Directive Guard Options¶

DirectiveGuardOptions configures the connection-scoped cooldown used by Nalix.Runtime middleware before sending repeated inbound directive responses such as UNAUTHORIZED, RATE_LIMITED, and TIMEOUT.

Source Mapping¶

src/Nalix.Runtime/Options/DirectiveGuardOptions.cs
src/Nalix.Runtime/Internal/RateLimiting/DirectiveGuard.cs
src/Nalix.Runtime/Middleware/Standard/PermissionMiddleware.cs
src/Nalix.Runtime/Middleware/Standard/RateLimitMiddleware.cs
src/Nalix.Runtime/Middleware/Standard/ConcurrencyMiddleware.cs
src/Nalix.Runtime/Middleware/Standard/TimeoutMiddleware.cs

Defaults and Validation¶

Property	Default	Validation	Runtime effect
`DefaultCooldownMs`	`200`	`0..60000`	Minimum cooldown, in milliseconds, between repeated directives of the same category per connection. `0` disables suppression.

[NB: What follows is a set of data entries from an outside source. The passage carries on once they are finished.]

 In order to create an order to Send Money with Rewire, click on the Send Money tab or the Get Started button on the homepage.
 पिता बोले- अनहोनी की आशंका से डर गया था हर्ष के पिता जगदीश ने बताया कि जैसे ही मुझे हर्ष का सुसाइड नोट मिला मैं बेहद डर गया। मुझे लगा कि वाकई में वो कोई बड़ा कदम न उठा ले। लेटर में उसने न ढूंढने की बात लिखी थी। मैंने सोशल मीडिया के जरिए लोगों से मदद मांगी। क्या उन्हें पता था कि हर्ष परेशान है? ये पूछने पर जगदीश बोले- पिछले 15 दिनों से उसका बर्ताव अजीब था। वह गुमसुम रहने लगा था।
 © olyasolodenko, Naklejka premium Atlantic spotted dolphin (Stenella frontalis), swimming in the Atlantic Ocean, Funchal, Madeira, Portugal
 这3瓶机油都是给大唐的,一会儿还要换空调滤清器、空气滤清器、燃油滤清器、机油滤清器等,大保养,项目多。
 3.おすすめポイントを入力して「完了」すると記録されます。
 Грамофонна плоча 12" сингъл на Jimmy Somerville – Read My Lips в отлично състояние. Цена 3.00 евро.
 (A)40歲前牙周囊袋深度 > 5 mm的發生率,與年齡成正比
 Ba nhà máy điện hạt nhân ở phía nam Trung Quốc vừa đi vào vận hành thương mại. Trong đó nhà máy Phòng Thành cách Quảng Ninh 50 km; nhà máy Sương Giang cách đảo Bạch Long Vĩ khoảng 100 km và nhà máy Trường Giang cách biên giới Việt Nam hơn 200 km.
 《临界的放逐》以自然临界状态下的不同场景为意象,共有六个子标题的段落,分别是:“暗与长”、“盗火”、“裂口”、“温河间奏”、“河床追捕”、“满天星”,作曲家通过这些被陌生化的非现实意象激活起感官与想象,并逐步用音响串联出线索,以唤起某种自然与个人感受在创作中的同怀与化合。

Validate() uses System.ComponentModel.DataAnnotations.Range and calls Validator.ValidateObject(..., validateAllProperties: true).

Runtime Flow¶

DirectiveGuard loads and validates the options once through the global configuration manager:

private static readonly DirectiveGuardOptions s_options =
    ConfigurationManager.Instance.Get<DirectiveGuardOptions>();

static DirectiveGuard() => s_options.Validate();

When middleware wants to send an inbound directive, it calls:

DirectiveGuard.TryAcquire(connection, lastSentAtAttributeKey, cooldownMs: null)

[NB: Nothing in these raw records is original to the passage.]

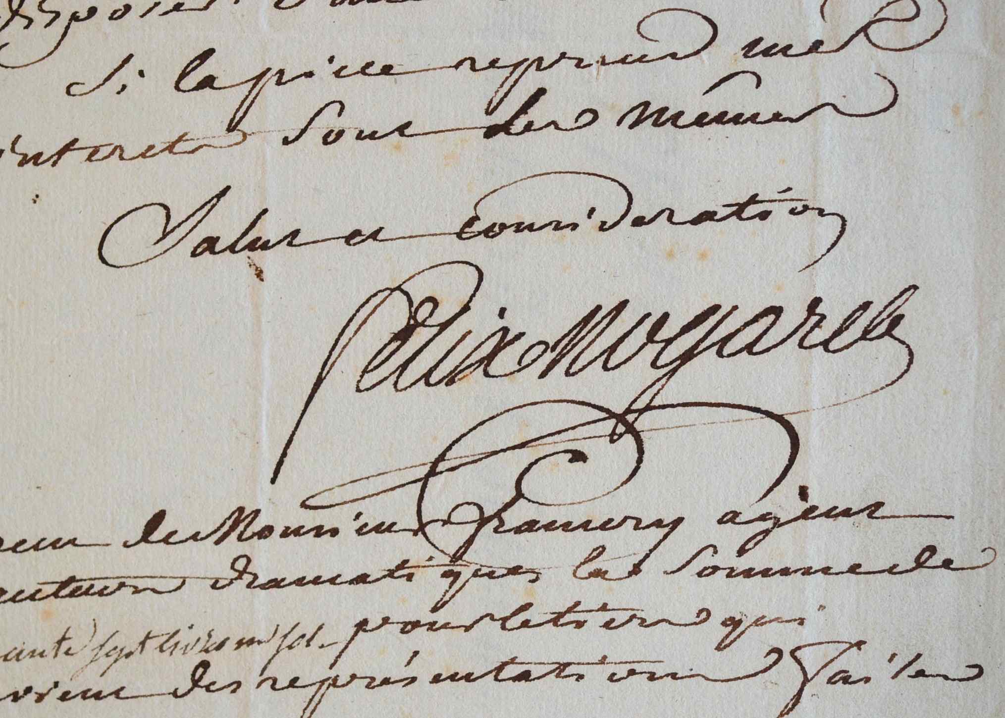 Par cette lettre, Félix Nogaret réclame son «revenu de représentation» pour son mélodrame Dugay-Trouin, auprès de Nicolas-Etienne Framery, grand précurseur du droit d'auteur pour les dramaturges. 47 livres et 1 sol lui sont immédiatement remis.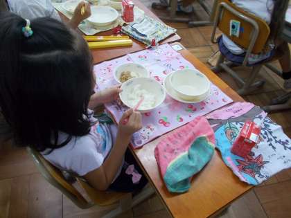 祇園祭のころが,はもの一番おいしい時期と言われているそうです。なので京都では,祇園祭を「はも祭り」というほど,はもはかかせないものだとか。今日の給食では,「こはくあげ」として登場しました。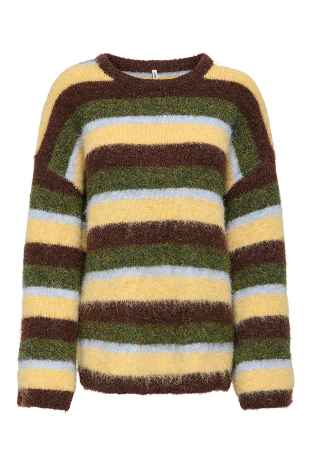 Only Onlperil Life Ls O-Neck Knt Färg: 5020827 Pinecone Olive Branch/Windsurfer/Sunlight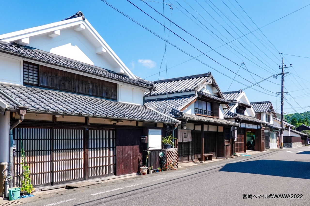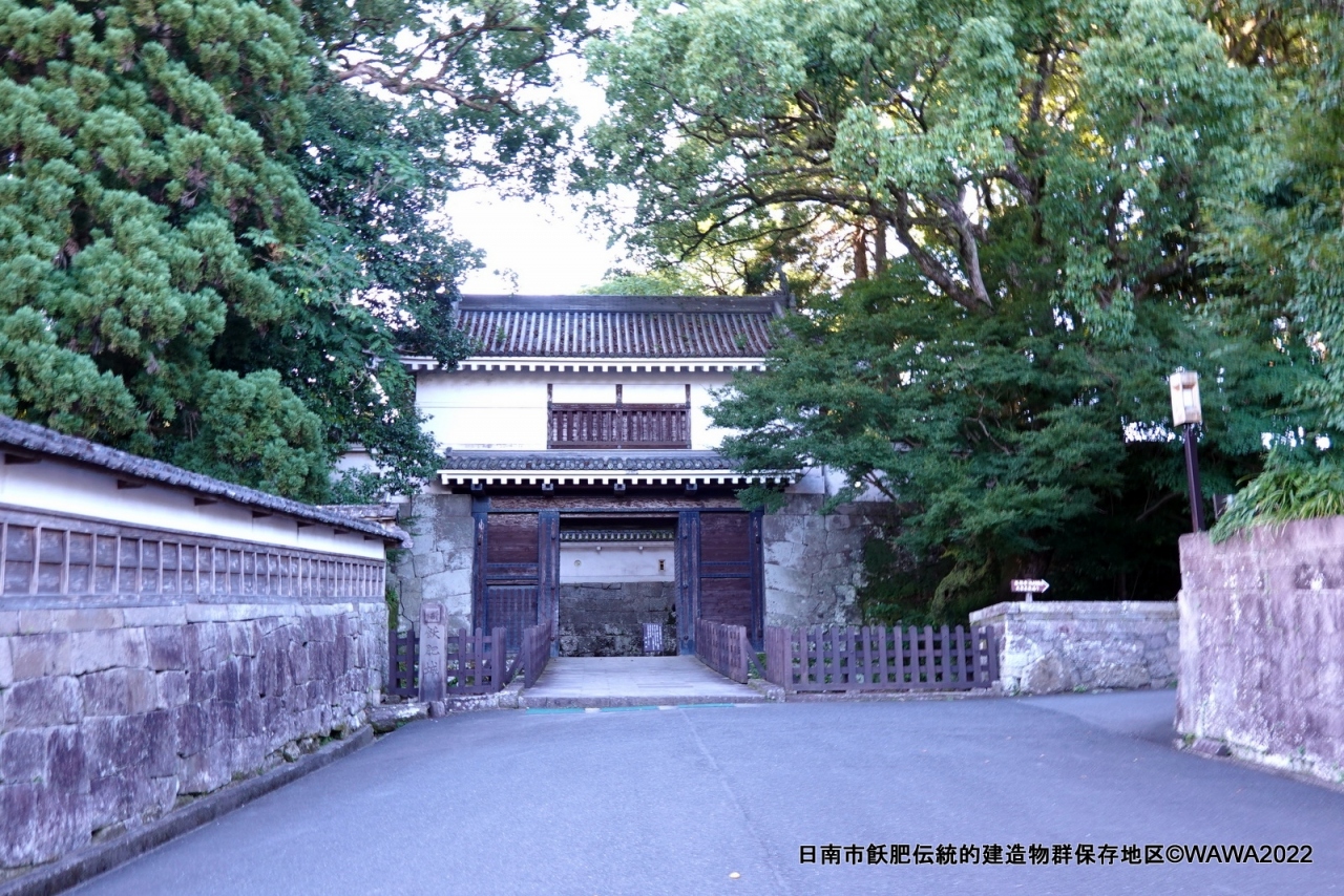 レンタカーで都井岬から宮崎市内への折り返しで、飫肥城下町の重要伝統的建造物群保存地区へ立寄りました。武家屋敷街はバラエティーに富んだ商家町と違って、生け垣や長い壁だらけの町並みが多いのですが、夕方5時も回っていたので内部見学できるはずもなく、石垣や壁を見ただけで終わってしまいました。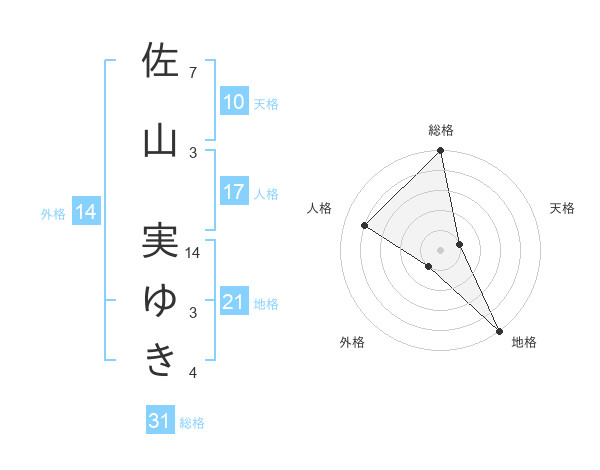 佐山 実ゆきさんを姓名の画数から五運を鑑定

If cooldownMs is null, DefaultCooldownMs is used. If the resolved cooldown is 0 or negative, the guard returns true immediately and no suppression occurs.

flowchart LR
    A["Inbound middleware wants to send Directive"] --> B["DirectiveGuard.TryAcquire"]
    B --> C{"Cooldown <= 0?"}
    C -->|Yes| D["Allow send"]
    C -->|No| E["Get connection.Attributes"]
    E --> F["Lock guard sync root"]
    F --> G{"now - lastSent < cooldown?"}
    G -->|Yes| H["Suppress directive"]
    G -->|No| I["Update lastSent timestamp"]
    I --> D

Connection Attribute Storage¶

The guard stores cooldown state in connection.Attributes:

Attribute	Purpose
`ConnectionAttributes.InboundDirectiveGuardSyncRoot`	Per-connection lock object used to serialize updates to directive timestamps.
Caller-provided `lastSentAtAttributeKey`	Stores the last sent timestamp as `long Environment.TickCount64`.

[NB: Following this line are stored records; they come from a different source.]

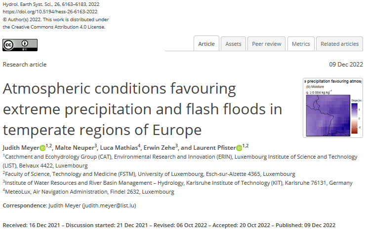 Veröffentlichung einer Studie zu den atmosphärischen Bedingungen, die Sturzfluten in der Großregion begünstigen, in der Fachzeitschrift „Hydrology and Earth System Sciences“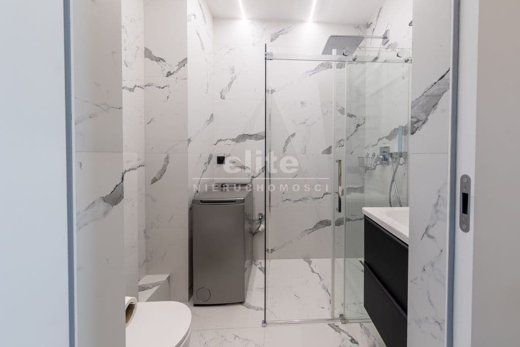 - stylowa łazienka wykończona szkliwionym gresem imitującym biały marmur, z kabiną prysznicową, umywalką, toaletą oraz nową pralką.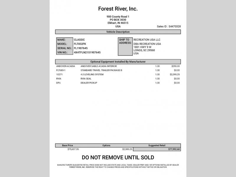 New 2025 Forest River Flagstaff Classic 832FK Travel Trailer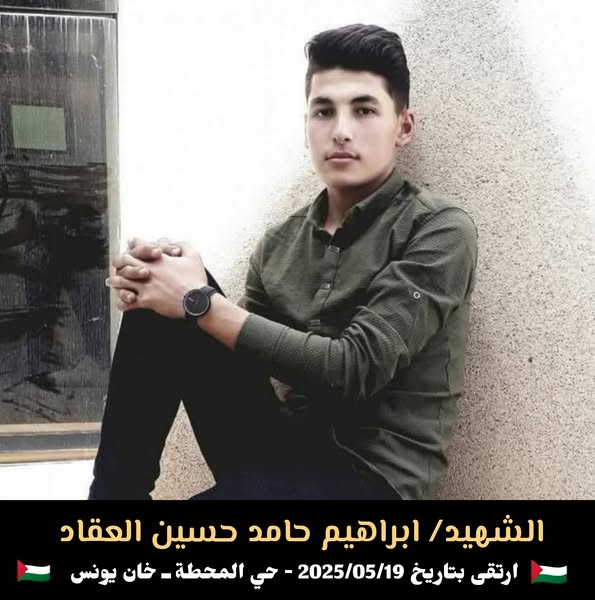 #إرتقاء_شهيد_من_العائلة #فلسطين_خان_يونس(﷽ وَلَا تَحْسَبَنَّ الَّذِينَ قُتِلُوا فِي سَبِيلِ اللَّهِ أَمْوَاتًا بَلْ أَحْيَاءٌ عِنْدَ رَبِّهِمْ يُرْزَقُونَ}بقلوب مؤمنة بقضاء الله وقدره تنعي عائلة العـقـاد إبنها/ #الشهيد/إبراهيم حامد حسين العقاد (26 عاماً)#الذي إرتقى الى العـلا صباح هذا اليوم الاثنين 2025/05/19 ، برصاص جيش الاحتلال الصهيوني بجوار منزله، خلال تنفيذ القوة الصهيونية الخاصة مداهمة إستهدفت منزل جيرانهم عائلة سرحان وسط شارع المتحف (الارنب) في حي المحطة بخان يونس .نسأل اللهم العلى القدير أن يرحمه ويغفـرله ويغسل خطاياه بالثلج والماء والبرد ويجعل قبره روضـة من رياض الجنـة و يسكنه فسيح جنـانه وأن يلهم أهـله جمـيل الصـبر والسلوان ونحتسبه عند الله شهيداً ولا نزكي على الله أحداً و حسـبنا الله ونعـم الوكـيل إِنّــَا لِلّهِ وَإِنــَّا إِلَـيْـهِ رَاجِـعــون #موقع_عائلة_العقاد_الرسمي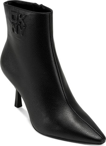 An embossed logo at the side authenticates this streamlined faux-leather bootie balanced on a svelte, sculptural heel.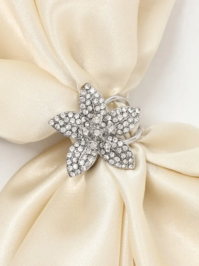 Кольцо для платка «Цветы Ажур», белое в серебре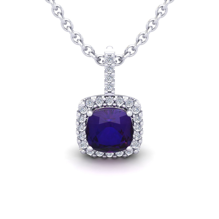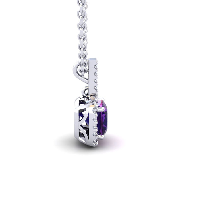 1 Carat Cushion Cut Amethyst and Halo Diamond Necklace In 14 Karat White Gold, 18 Inches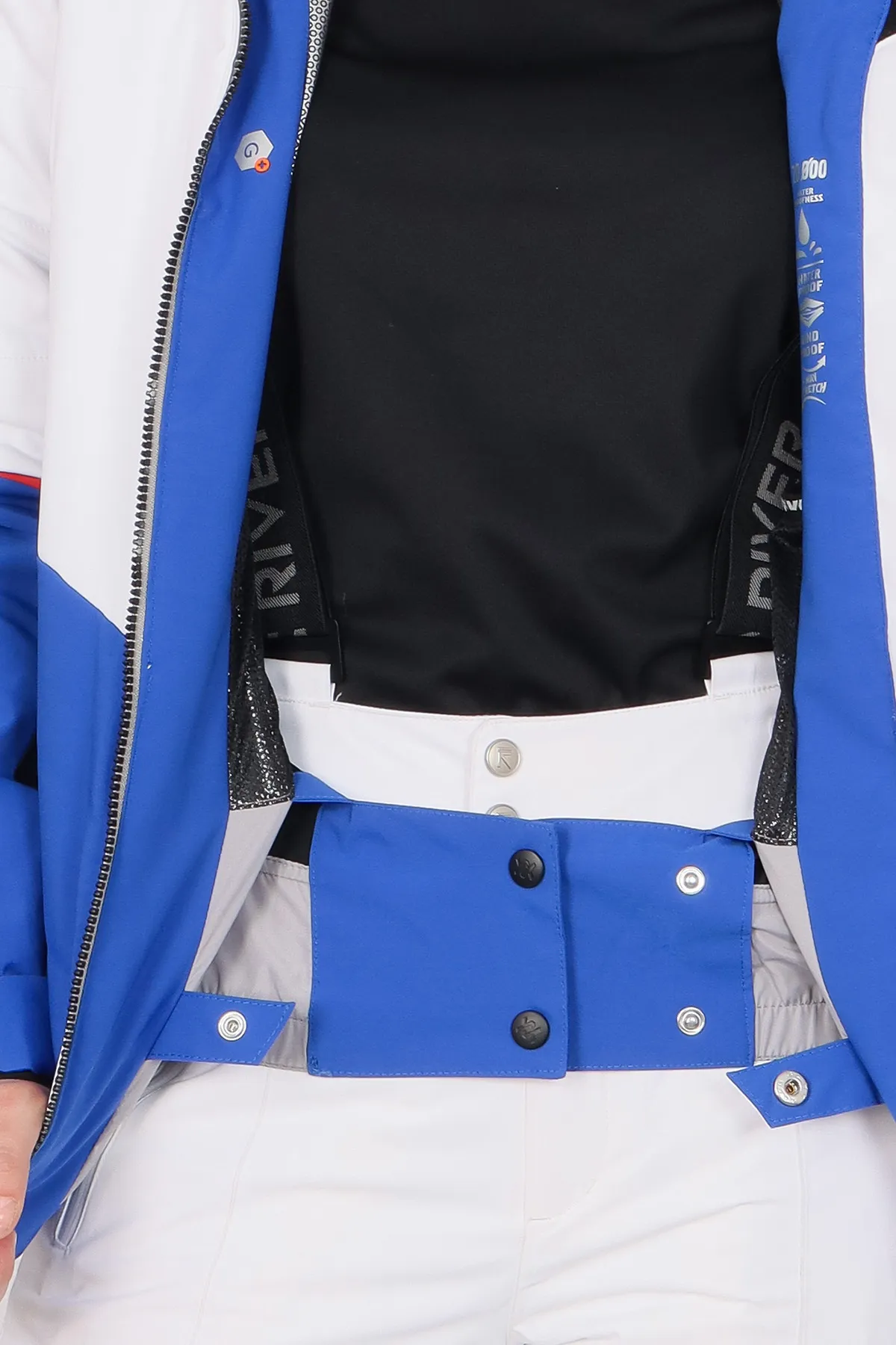 Боковые и внутренние карманы для хранения мелочей, а застежка молния облегчает надевание и снятие куртки. Снегозащитная юбка предотвращает попадание снега под куртку.

GET_OR_CREATE_SYNC_ROOT(...) creates and stores the lock object in the connection attribute map when missing. Timestamp reads and writes are performed while holding that per-connection lock.

Current Callers¶

Middleware	Suppressed directive category	Attribute key
`PermissionMiddleware`	Unauthorized response	`InboundDirectiveUnauthorizedLastSentAtMs`
`RateLimitMiddleware`	Rate-limited response	`InboundDirectiveRateLimitedLastSentAtMs`
`ConcurrencyMiddleware`	Rate-limited response for concurrency denial/failure	`InboundDirectiveRateLimitedLastSentAtMs`
`TimeoutMiddleware`	Timeout response	`InboundDirectiveTimeoutLastSentAtMs`

Important Semantics¶

The cooldown is per connection and per attribute key, not global.
The default cooldown only applies when callers do not pass an override.
The guard suppresses repeated directive responses; it does not allow the blocked packet to continue through the middleware pipeline.
Environment.TickCount64 is used for elapsed-time checks, with subtraction wrapped in unchecked(...).